Roswell Rudd And Duck Baker Live
Live
Dot Time
This is one that broke late in 2021 that we’d be remiss to overlook. It is not often that one finds duets between trombone and fingerstyle guitar to begin with and considering that the trombonist is the late legendary Roswell Rudd along with the renowned finger stylist Duck Baker, this pairing merits attention. The recording, Live, fits well on these pages too because even though Rudd, for one, made his reputation mostly in avant-garde jazz, the major takeaway from these unearthed recordings, is some monstrous blues playing.
The stellar audio that makes up this vinyl set was recorded live at two performances from the great duo – tracks 1-2 and 6-8 were recorded at The Outpost in Albuquerque, NM in 2004 while tracks 3-5 and 9-10 were recorded at Tonic in New York City in 2002. This is the first time these recordings appear on record.
Baker describes his meeting with Rudd and the sessions as follows, “I got to know Roswell Rudd’s music as a teenager in the mid-1960s. He was on the very first free jazz record I ever heard, Archie Shepp’s Four For Trane, and shared front line duties on the incredible New York Art Quartet LP on ESP-Disk’. I followed his recording career as closely as I could from then on.” It was not until 1996 when Baker was doing research for his release Spinning Song: Duck Baker Plays the Music of Herbie Nichols that Baker and Rudd would connect.

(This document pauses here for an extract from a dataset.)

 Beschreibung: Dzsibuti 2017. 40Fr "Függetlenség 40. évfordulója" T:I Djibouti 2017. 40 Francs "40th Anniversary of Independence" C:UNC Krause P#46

Baker remarks, “I was nervous about calling one the heroes of my youth for help, but Roswell demonstrated endless patience and the willingness to answer countless questions about Nichols, the musician and the man.”

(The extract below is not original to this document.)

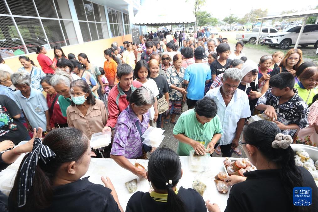 12月10日,民众在位于泰国沙缴府的一处避难所排队领取食物。

Live has eight duets with two bonus tracks devoted mostly to the music of two pianists that each of the players find inspirational, Thelonious Monk and Herbie Nichols. Yet, as the above quote points out, Rudd was a dear friend of Nichols and often collaborated with him until Nichols’ untimely death from leukemia at just 44 years old. Rudd also met Monk when he first arrived in New York in the ‘50s and throughout his career demonstrated an uncanny ability to replicate Monk’s angular, unpredictable piano lines on the trombone. This album marks Rudd’s final foray into the land of Monk, as well as his last interpretation of the music of his former bandleader and friend, Herbie Nichols.
Baker’s thoughtful accompaniment act as the perfect complement to Rudd’s free-wheeling improvisation but the only quibble is that the guitar in many cases needs to be raised in the mix as the trombone dominates to the point where it just seems unfair at times. Understandably, Rudd, the elder, leads with Baker usually providing harmonic ‘call and response’-like reactions, perhaps best exemplified in “Melancholy People.” Maybe as he alludes to in this quote, Baker was slightly intimidated in the presence of the legend. – “The whole process was enormously challenging and exhilarating. I still remember how surprised I was when Roswell told the audience after we played one of our collage pieces that I was the only person who could do this with him. My reaction was “I can do this?” I’m still not sure about that, but I was one of many, many younger players who gained invaluable insights working with this great musical spirit. He connected us not only to the beginnings of free jazz but also, through the musicians he had known and worked with himself, to the beginnings of jazz.”
This is a singular recording worth seeking out for fans of jazz and blues alike. It may be the only pairing of its kind.